What is expected: Every line from the line containing "YaoKing Damunderkläder, vanliga" through the end of the data is to be reproduced exactly, excluding pictures.
Data shown Block Start
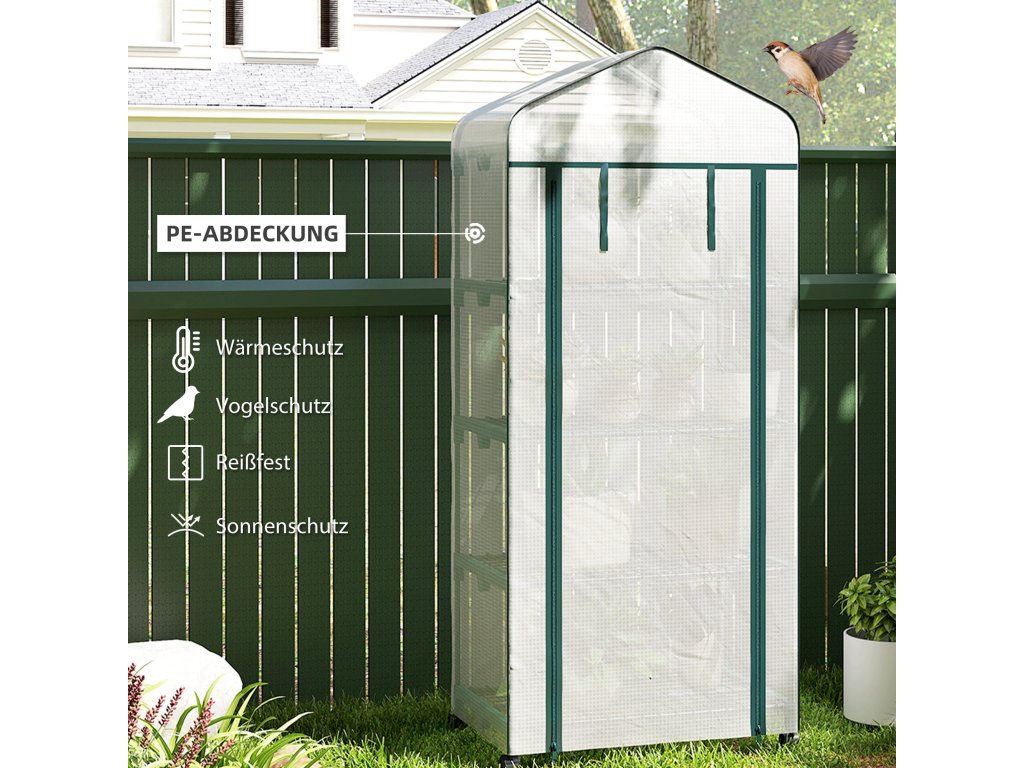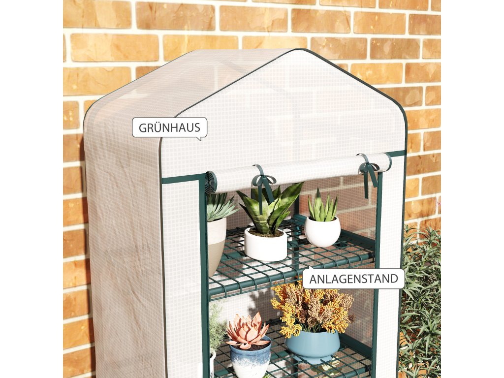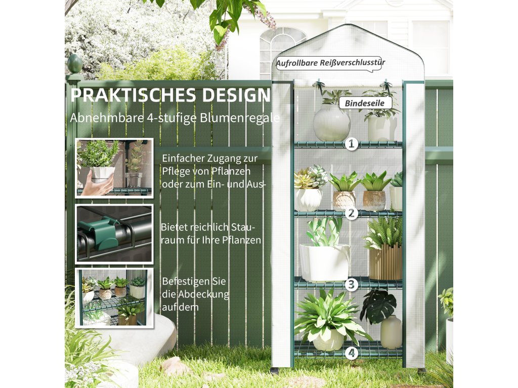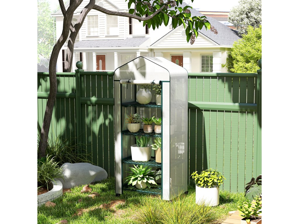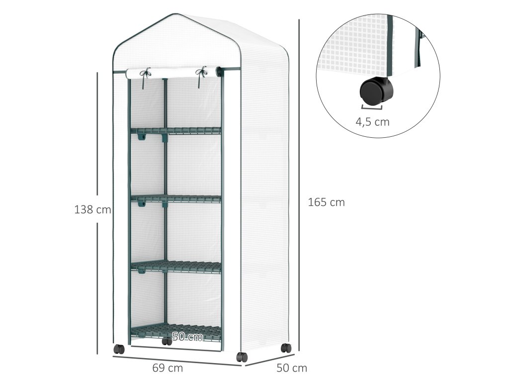 Fóliový skleník Outsunny, skleník, miniskleník, skleník na rostliny, chladicí rám, 4 police, 69 x 50 x 165 cm, bílá barva
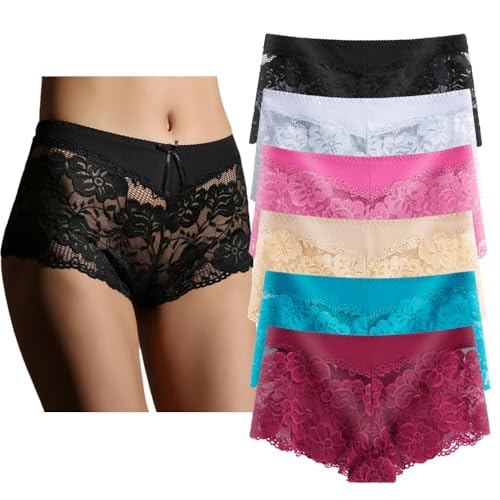 YaoKing Damunderkläder, vanliga och plusstorlek, trosor spets, pojkshorts, hipster, fräcka trosor, 6-pack, 6-pack-a9144, XL
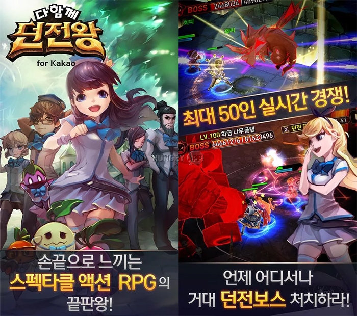 다함께 던전왕 for Kakao는 넷마블블루(구 블루페퍼)가 개발, 최대 50명의 친구들과 함께 모험을 떠나는 블록버스터급 모바일 RPG로 터치 방식의 조작법과 자동전투 시스템을 도입해 방대한 콘텐츠와 화려한 전투를 언제 어디서나 누구나 쉽게 즐길 수 있도록 구현했다.
Data shown Block End
Response to the task:
 YaoKing Damunderkläder, vanliga och plusstorlek, trosor spets, pojkshorts, hipster, fräcka trosor, 6-pack, 6-pack-a9144, XL
 다함께 던전왕 for Kakao는 넷마블블루(구 블루페퍼)가 개발, 최대 50명의 친구들과 함께 모험을 떠나는 블록버스터급 모바일 RPG로 터치 방식의 조작법과 자동전투 시스템을 도입해 방대한 콘텐츠와 화려한 전투를 언제 어디서나 누구나 쉽게 즐길 수 있도록 구현했다.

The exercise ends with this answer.